MATERIAL SUPPLIED –
■ ■ ■ ■ ■
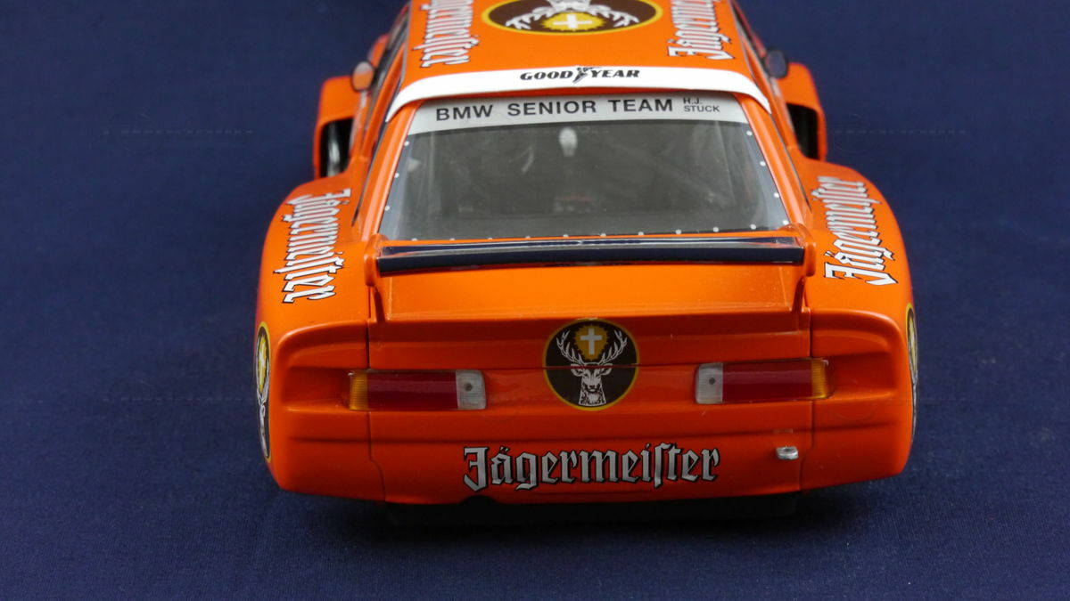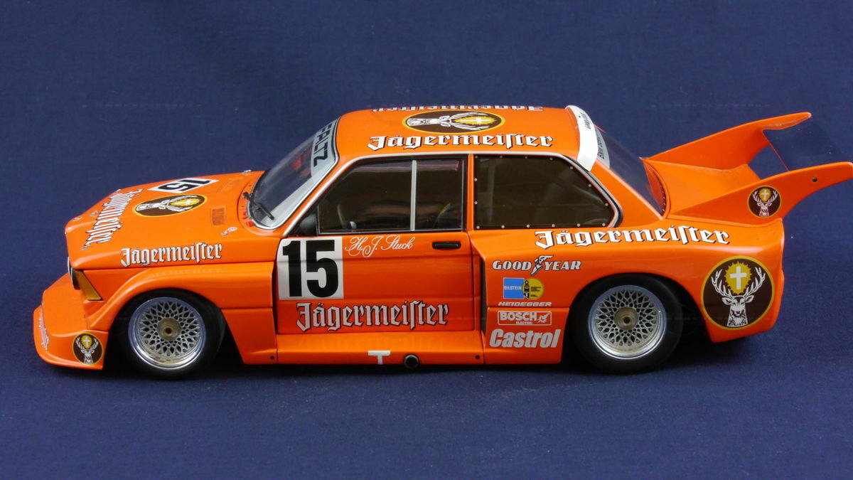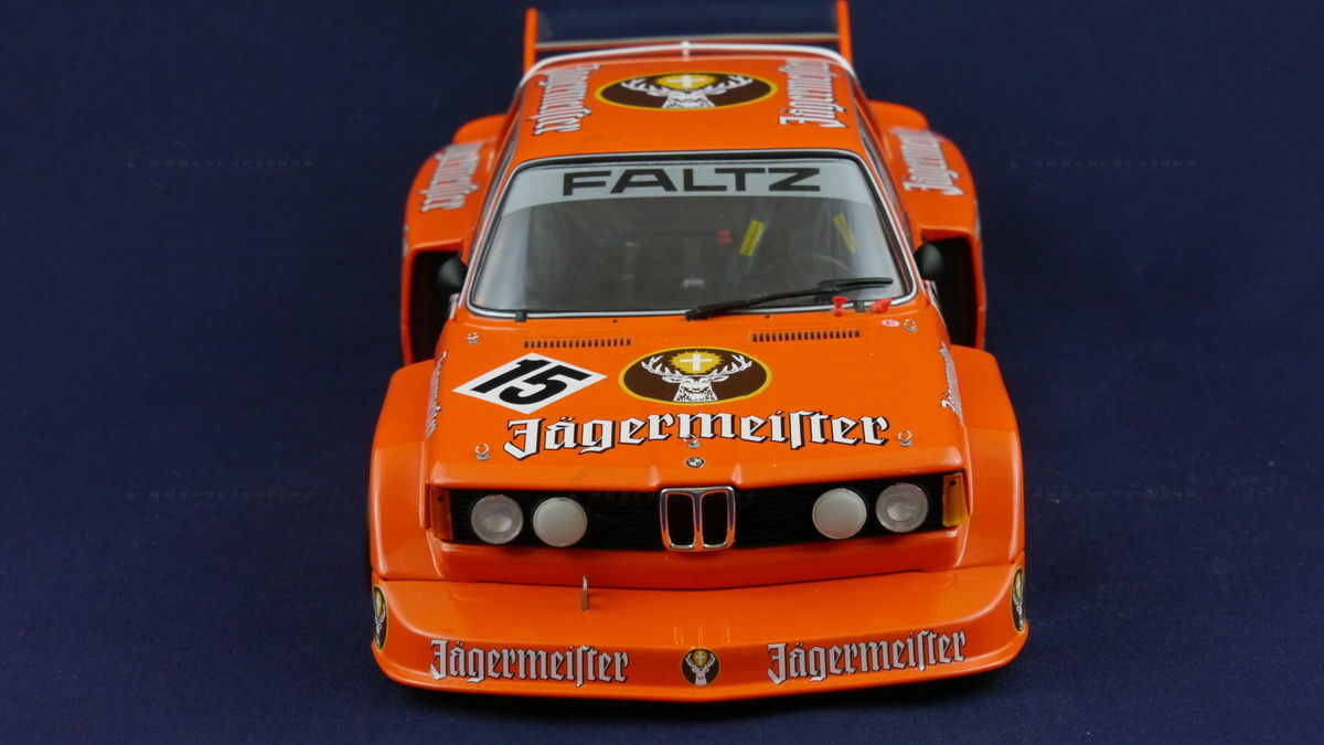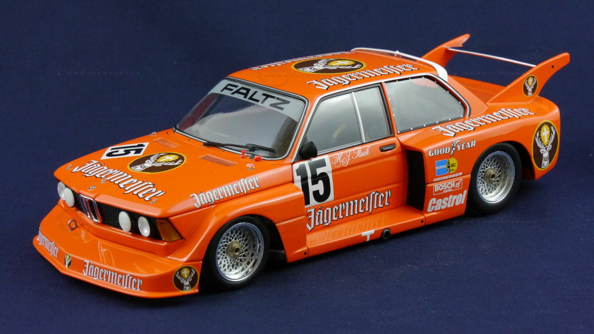 Das hier vorgestellte Modellauto im Maßstab 1:18 wurde von Minichamps produziert und stellt den berühmten BMW 320i (E21) #15 in beeindruckender Detailltreue dar. Hergestellt aus Diecast-Material, beeindruckt es durch seine robuste Bauweise und die akkurate Nachbildung des Originalfahrzeugs. Die Farbe des Modells ist in einem auffälligen Orange gehalten, genau wie das echte Rennfahrzeug. Die Beschriftung des Hauptsponsors Jägermeister ist deutlich sichtbar, ebenso wie die weiteren Sponsorenlogos von Castrol und Goodyear. Das Modell zeigt eine detaillierte Nachbildung des Interieurs, inklusive Rennsitz und Sicherheitsgurte.
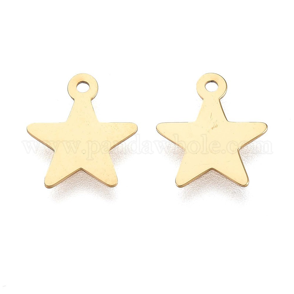 • Настоящее золото 14K Ионное покрытие (ip) 304 подвески из нержавеющей стали, звезды прелести, реальный 14 k позолоченный, 10x9x0.2 мм, отверстие : 1 мм
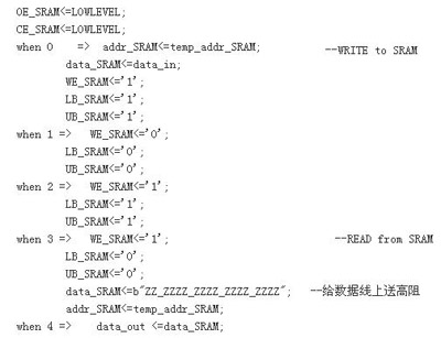 程序中,在进行读写操作时,片选使能信号CE_SRAM及输出使能信号OE_SRAM始终为低电平。
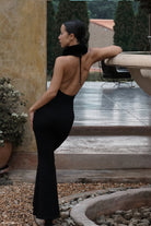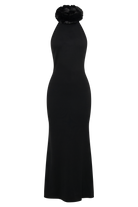 Elva Halter Knit Maxi Dress With Faux Fur - Black
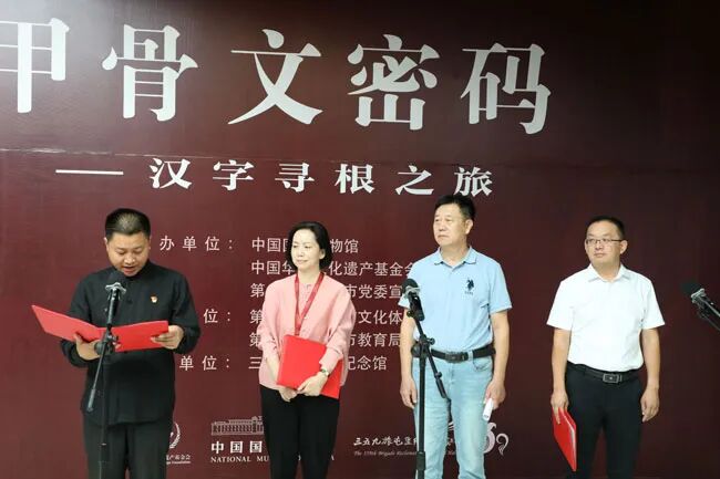 近日,在全国第24届”普通话推广周”之际,由中国国家博物馆社会教育部策划的“甲骨文密码——汉字寻根之旅”流动展览,在新疆维吾尔自治区第一师阿拉尔市三五九旅屯垦纪念馆顺利开幕。本次展览由中国国家博物馆、中国华夏文化遗产基金会、第一师阿拉尔市党委宣传部共同主办,第一师阿拉尔市文化体育广电和旅游局、第一师阿拉尔市教育局协办。第一师阿拉尔市文化体育广电和旅游局副局长王瑞华、教育局副处级督学杨志敏、中国华夏文化遗产基金会秘书长蔡宝光、中国国家博物馆社会教育部主任胡健等参加了开幕式。
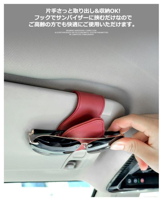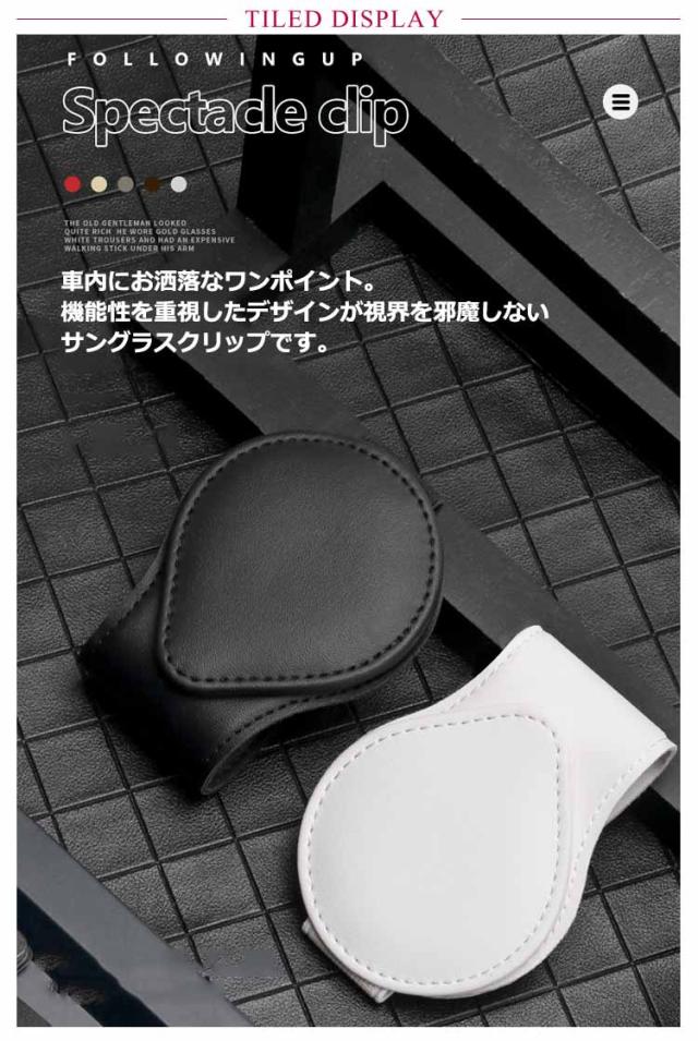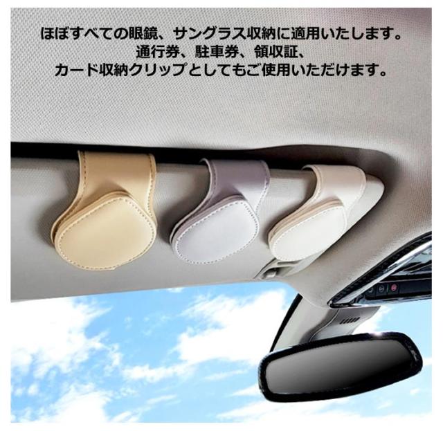 | 選べる10色 2個セット サッと取れて邪魔にならない! サングラスホルダー お好みに合わせて選べる2つの取り付け方法のある 省スペースに収納できるサングラスクリップです。 車の内装スタイルに合わせて選べる豊富な10色展開! 素材に関しても高品質PUレザーを使用し、耐久性が高くて手触りがいい仕上がりになってます。 強力なマグネットでサンバイザーを開けても落ちない! フックと磁石でしっかり留まっているのでサンバイザーの開閉も安心です。 省スペースなデザインでミラーを遮らない。 片手さっと取り出し&収納OK! フックでサンバイザーに挟むだけなのでご高齢の方でも快適にご使用いただけます。 車内にお洒落なワンポイント。 機能性を重視したデザインが視界を邪魔しないサングラスクリップです。 ほぼすべての眼鏡、サングラス収納に適用いたします。 通行券、駐車券、領収証、カード収納クリップとしてもご使用いただけます。 | |
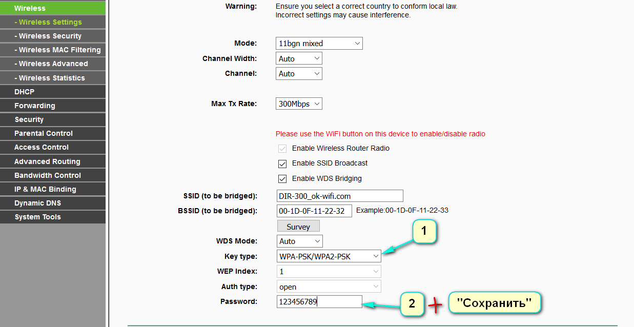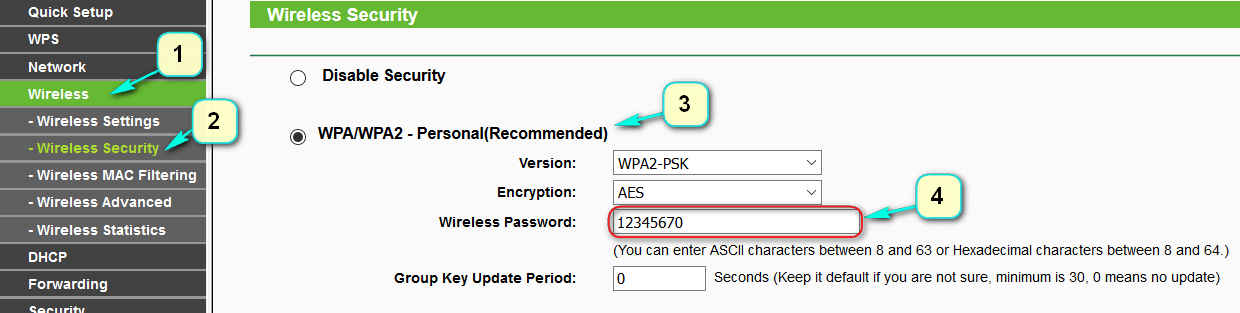 В заключении следует задать сложный пароль на новую беспроводную сеть. Узнать, как это сделать, можно посмотрев инструкцию по защите Wi-Fi на Tp-Link. В параметрах найдите вкладку Wireless — Wireless Security, отметьте раздел WPA/WPA2 — Personal(Recommended), в строке Wireless Password укажите ключи и сохраните по кнопке Save.
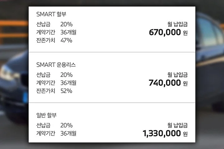 코로나19 사태로 인한 경제 위기로 어려운 상황 속에서 2030세대가 수입차에 관심을 보이는 이유는 따로 있다. 바로 다양한 할인과 할부 프로그램 때문이다. 요즘은 수입차를 구매할 때 차량 가격의 일부를 선납입하고 남은 금액을 할부로 돌려 납부하는 경우가 일반적이다. 극단적으로 60개월 풀할부로 구매하는 경우도 있다.
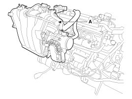 Remove the intake manifold (A) with the gasket (B).
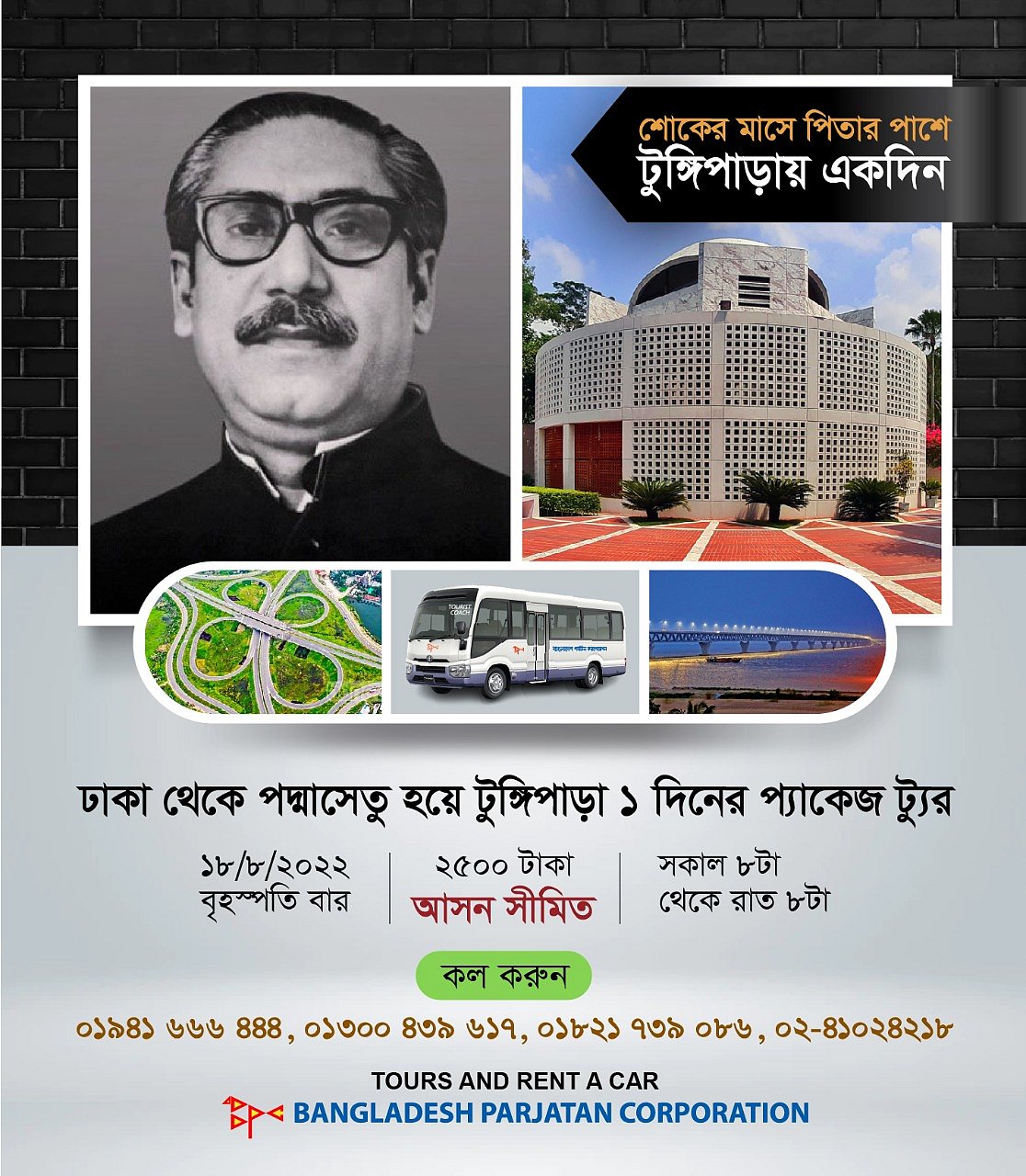 পদ্মা সেতু হয়ে এবার গোপালগঞ্জের টুঙ্গিপাড়ায় এক দিনের ভ্রমণ প্যাকেজ ঘোষণা করেছে বাংলাদেশ পর্যটন করপোরেশন। ১৮ আগস্ট পর্যটকদের নিয়ে টুঙ্গিপাড়ায় যাবে তারা। ওই দিন সকাল ৮টায় রাজধানীর আগারগাঁওয়ের পর্যটন ভবন থেকে পর্যটকদের নিয়ে যাত্রা শুরু হবে এবং রাত ৮টায় ফিরে আসবে। এতে জনপ্রতি খরচ হবে ২ হাজার ৫০০ টাকা।
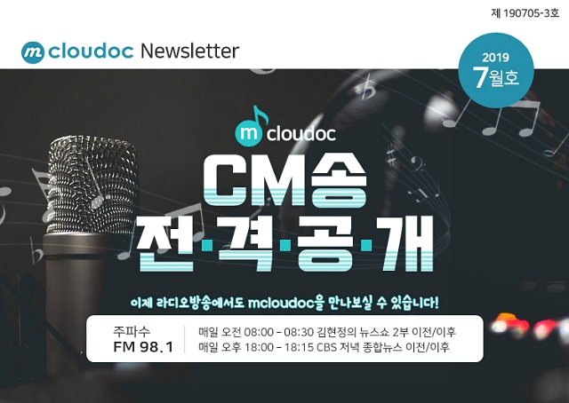 한국방송광고진흥공사 주관으로 시행되고 있는 ‘2019년 혁신형중소기업 방송광고 활성화 지원사업’에서 엠클라우독은 기업의 성장성, 안정성 그리고 상품경쟁력 부분에서 고득점을 얻어 사업에 최종 선정됐다. 이를 통해 엠클라우독은 2개월에 걸쳐 CM송을 제작했으며, 7월 1일부터 라디오 송출을 시작했다. 엠클라우독의 CM송은 매일 오전 8시, 오후 6시에 표준 FM 98.1mhz 에서 청취가 가능하다.
■ ■ ■ ■ ■
WHAT YOU HAVE TO DO – Leave out the pictures and repeat the remaining data exactly.

ANSWER TO THIS TASK –
 Das hier vorgestellte Modellauto im Maßstab 1:18 wurde von Minichamps produziert und stellt den berühmten BMW 320i (E21) #15 in beeindruckender Detailltreue dar. Hergestellt aus Diecast-Material, beeindruckt es durch seine robuste Bauweise und die akkurate Nachbildung des Originalfahrzeugs. Die Farbe des Modells ist in einem auffälligen Orange gehalten, genau wie das echte Rennfahrzeug. Die Beschriftung des Hauptsponsors Jägermeister ist deutlich sichtbar, ebenso wie die weiteren Sponsorenlogos von Castrol und Goodyear. Das Modell zeigt eine detaillierte Nachbildung des Interieurs, inklusive Rennsitz und Sicherheitsgurte.
 • Настоящее золото 14K Ионное покрытие (ip) 304 подвески из нержавеющей стали, звезды прелести, реальный 14 k позолоченный, 10x9x0.2 мм, отверстие : 1 мм
 程序中,在进行读写操作时,片选使能信号CE_SRAM及输出使能信号OE_SRAM始终为低电平。
 Elva Halter Knit Maxi Dress With Faux Fur - Black
 近日,在全国第24届”普通话推广周”之际,由中国国家博物馆社会教育部策划的“甲骨文密码——汉字寻根之旅”流动展览,在新疆维吾尔自治区第一师阿拉尔市三五九旅屯垦纪念馆顺利开幕。本次展览由中国国家博物馆、中国华夏文化遗产基金会、第一师阿拉尔市党委宣传部共同主办,第一师阿拉尔市文化体育广电和旅游局、第一师阿拉尔市教育局协办。第一师阿拉尔市文化体育广电和旅游局副局长王瑞华、教育局副处级督学杨志敏、中国华夏文化遗产基金会秘书长蔡宝光、中国国家博物馆社会教育部主任胡健等参加了开幕式。
 | 選べる10色 2個セット サッと取れて邪魔にならない! サングラスホルダー お好みに合わせて選べる2つの取り付け方法のある 省スペースに収納できるサングラスクリップです。 車の内装スタイルに合わせて選べる豊富な10色展開! 素材に関しても高品質PUレザーを使用し、耐久性が高くて手触りがいい仕上がりになってます。 強力なマグネットでサンバイザーを開けても落ちない! フックと磁石でしっかり留まっているのでサンバイザーの開閉も安心です。 省スペースなデザインでミラーを遮らない。 片手さっと取り出し&収納OK! フックでサンバイザーに挟むだけなのでご高齢の方でも快適にご使用いただけます。 車内にお洒落なワンポイント。 機能性を重視したデザインが視界を邪魔しないサングラスクリップです。 ほぼすべての眼鏡、サングラス収納に適用いたします。 通行券、駐車券、領収証、カード収納クリップとしてもご使用いただけます。 | |
 В заключении следует задать сложный пароль на новую беспроводную сеть. Узнать, как это сделать, можно посмотрев инструкцию по защите Wi-Fi на Tp-Link. В параметрах найдите вкладку Wireless — Wireless Security, отметьте раздел WPA/WPA2 — Personal(Recommended), в строке Wireless Password укажите ключи и сохраните по кнопке Save.
 코로나19 사태로 인한 경제 위기로 어려운 상황 속에서 2030세대가 수입차에 관심을 보이는 이유는 따로 있다. 바로 다양한 할인과 할부 프로그램 때문이다. 요즘은 수입차를 구매할 때 차량 가격의 일부를 선납입하고 남은 금액을 할부로 돌려 납부하는 경우가 일반적이다. 극단적으로 60개월 풀할부로 구매하는 경우도 있다.
 Remove the intake manifold (A) with the gasket (B).
 পদ্মা সেতু হয়ে এবার গোপালগঞ্জের টুঙ্গিপাড়ায় এক দিনের ভ্রমণ প্যাকেজ ঘোষণা করেছে বাংলাদেশ পর্যটন করপোরেশন। ১৮ আগস্ট পর্যটকদের নিয়ে টুঙ্গিপাড়ায় যাবে তারা। ওই দিন সকাল ৮টায় রাজধানীর আগারগাঁওয়ের পর্যটন ভবন থেকে পর্যটকদের নিয়ে যাত্রা শুরু হবে এবং রাত ৮টায় ফিরে আসবে। এতে জনপ্রতি খরচ হবে ২ হাজার ৫০০ টাকা।
 한국방송광고진흥공사 주관으로 시행되고 있는 ‘2019년 혁신형중소기업 방송광고 활성화 지원사업’에서 엠클라우독은 기업의 성장성, 안정성 그리고 상품경쟁력 부분에서 고득점을 얻어 사업에 최종 선정됐다. 이를 통해 엠클라우독은 2개월에 걸쳐 CM송을 제작했으며, 7월 1일부터 라디오 송출을 시작했다. 엠클라우독의 CM송은 매일 오전 8시, 오후 6시에 표준 FM 98.1mhz 에서 청취가 가능하다.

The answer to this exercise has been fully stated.